Using this product means that we work through a number of odd issues. One we had was that we were getting GX150s and GX260s from Dell, and when we would try to pull down the image over the pre-existing one on the machine then Imagecast would hang.

There is a utility called CLEARDRV that will erase the partition table, and we had used it before when we were getting machines in with Windows 98 FAT32 images. Now we were having to drop out of our custom menu setup, run FDISK and erase the partition tables manually the first time, which was time consuming and annoying to most everyone who ran across the problem.

What was interesting was that it only did it once we started getting Windows 2000 and XP images on the machines with NTFS partitions. The CLEARDRV utility wouldn't actually get rid of whatever was keeping Imagecast from working, because upon bootup the partition table was read and was expected to be an NTFS/HPFS partition, but then there was no valid information, which caused the exact same error. We worked through everything we could think of, plus everything in the knowledge base, because everyone was blaming this on my custom boot image and memory management, which I knew wasn't the case.

After struggling with this for a while, it dawned on me that I just needed to find a way to repartition and format the drive without rebooting, and then image the drive.

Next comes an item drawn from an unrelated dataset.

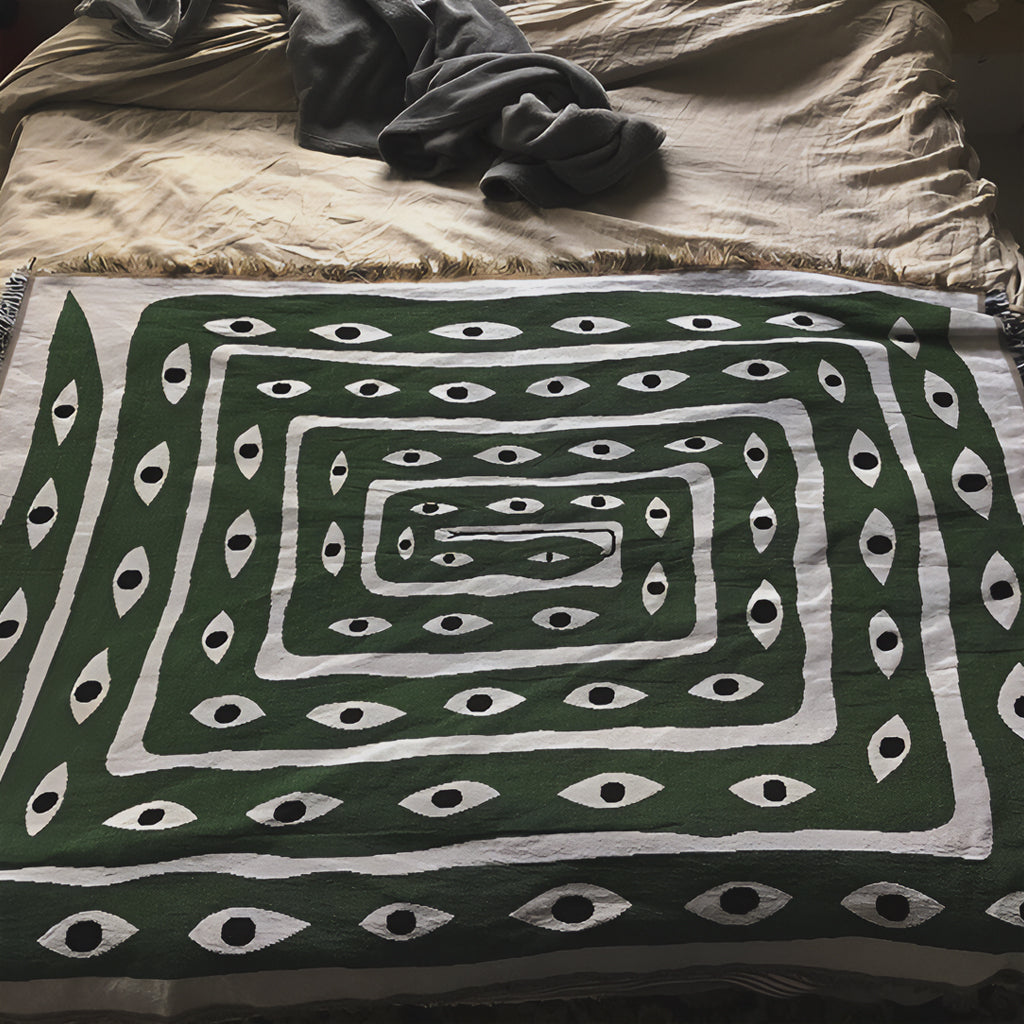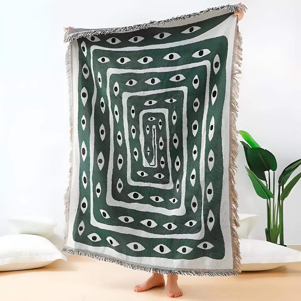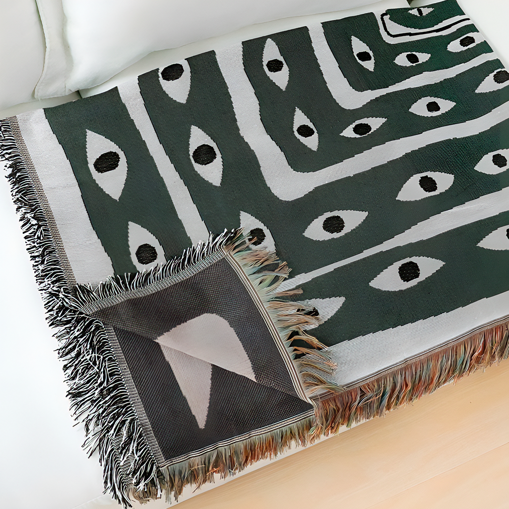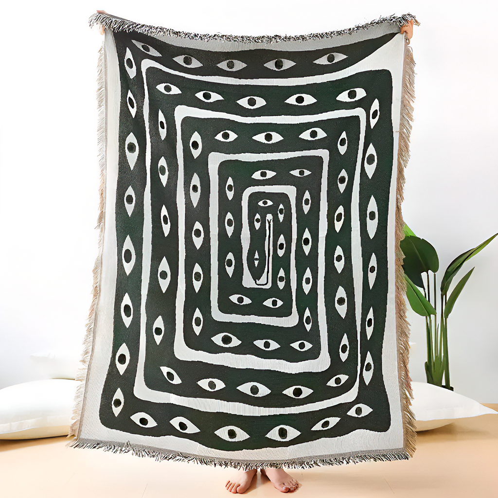 Com padronagem envolvente de olhos e serpentes, a Manta Occhi del Serpente é puro símbolo e presença.

Not possible, you say? Not true! Using Diskman, you can do just that! What I ended up doing was writing a Diskman script that I call with the command line DISKMAN4 SCRIPT EXECUTE SCRIPT.TXT that has the following in SCRIPT.TXT:

DEF DRV DRIVE MOUNT BIOS 0x80
MBR WIPE $DRV
DEF VOL VOLUME CREATE PRIMARY $DRV $MAX $FAT32
VOLUME FORMAT $VOL $FAT32

After this, I run my command line for CLIENT.EXE and the entire hard drive is repartitioned with one primary partition, then formatted as FAT32. After this, as with Windows 98 images fresh from Dell, everything images successfully.